**Task details:** Would you restate the full listing word for word and omit its pictures?

**Dataset extract:**
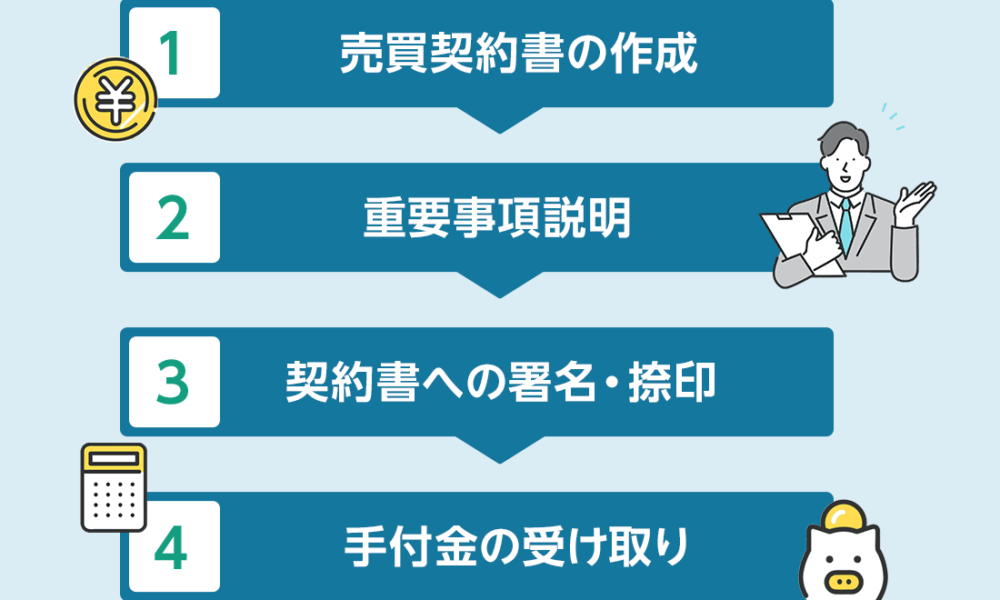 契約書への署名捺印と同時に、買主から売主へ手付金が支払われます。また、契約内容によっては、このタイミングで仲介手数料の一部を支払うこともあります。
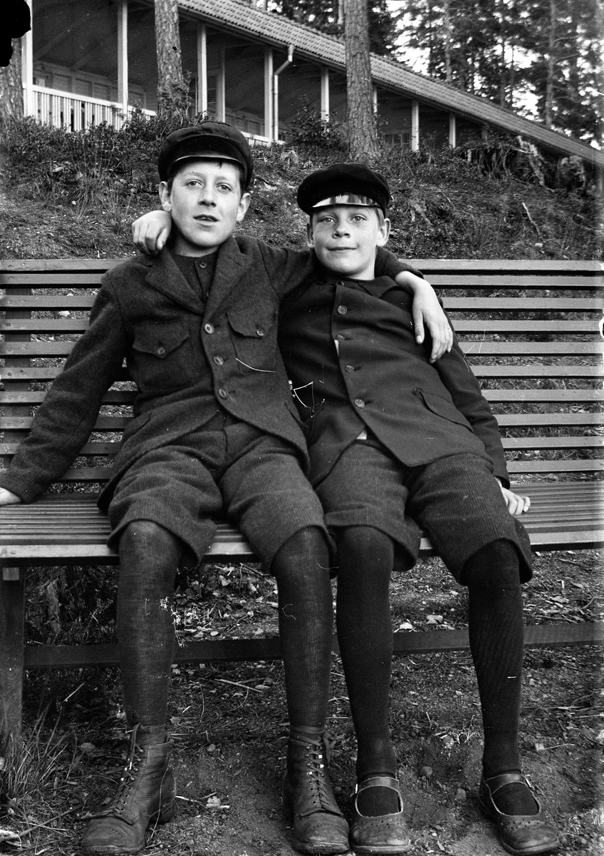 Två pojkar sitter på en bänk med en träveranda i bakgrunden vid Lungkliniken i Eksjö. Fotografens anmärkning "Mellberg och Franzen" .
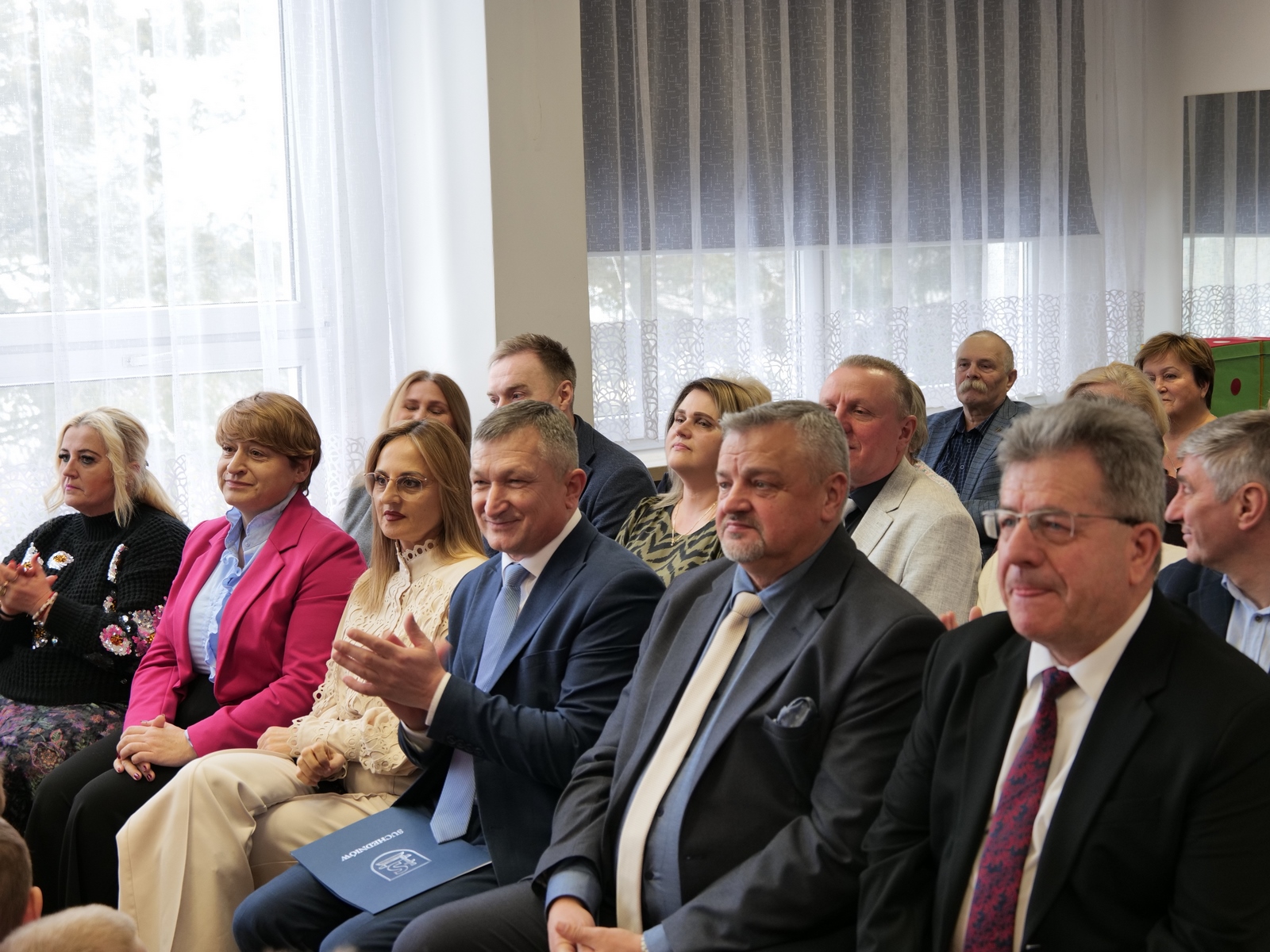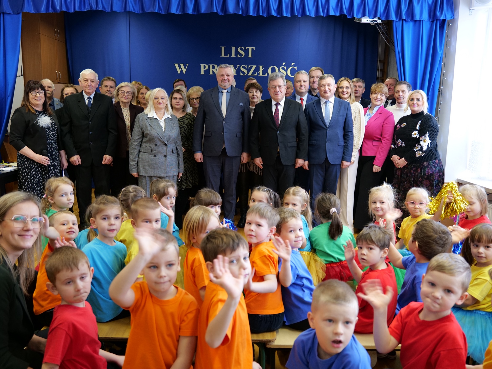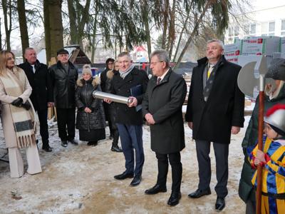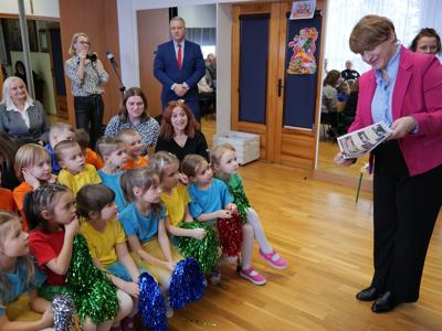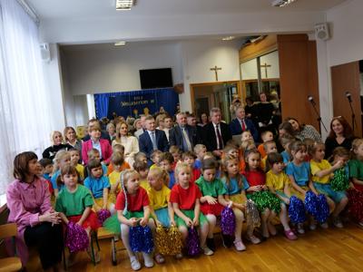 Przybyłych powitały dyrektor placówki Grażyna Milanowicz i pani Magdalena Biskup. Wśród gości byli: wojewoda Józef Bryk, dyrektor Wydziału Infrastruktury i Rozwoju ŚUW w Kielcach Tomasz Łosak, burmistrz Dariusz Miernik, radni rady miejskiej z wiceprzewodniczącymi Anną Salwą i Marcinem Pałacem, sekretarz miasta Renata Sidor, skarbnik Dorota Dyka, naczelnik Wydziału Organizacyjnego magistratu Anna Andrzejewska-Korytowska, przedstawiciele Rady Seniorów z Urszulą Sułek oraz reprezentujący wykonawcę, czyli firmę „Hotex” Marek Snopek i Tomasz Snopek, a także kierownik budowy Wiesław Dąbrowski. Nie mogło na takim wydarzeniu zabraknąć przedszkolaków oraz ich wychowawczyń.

**Result for this task:**
 契約書への署名捺印と同時に、買主から売主へ手付金が支払われます。また、契約内容によっては、このタイミングで仲介手数料の一部を支払うこともあります。
 Två pojkar sitter på en bänk med en träveranda i bakgrunden vid Lungkliniken i Eksjö. Fotografens anmärkning "Mellberg och Franzen" .
 Przybyłych powitały dyrektor placówki Grażyna Milanowicz i pani Magdalena Biskup. Wśród gości byli: wojewoda Józef Bryk, dyrektor Wydziału Infrastruktury i Rozwoju ŚUW w Kielcach Tomasz Łosak, burmistrz Dariusz Miernik, radni rady miejskiej z wiceprzewodniczącymi Anną Salwą i Marcinem Pałacem, sekretarz miasta Renata Sidor, skarbnik Dorota Dyka, naczelnik Wydziału Organizacyjnego magistratu Anna Andrzejewska-Korytowska, przedstawiciele Rady Seniorów z Urszulą Sułek oraz reprezentujący wykonawcę, czyli firmę „Hotex” Marek Snopek i Tomasz Snopek, a także kierownik budowy Wiesław Dąbrowski. Nie mogło na takim wydarzeniu zabraknąć przedszkolaków oraz ich wychowawczyń.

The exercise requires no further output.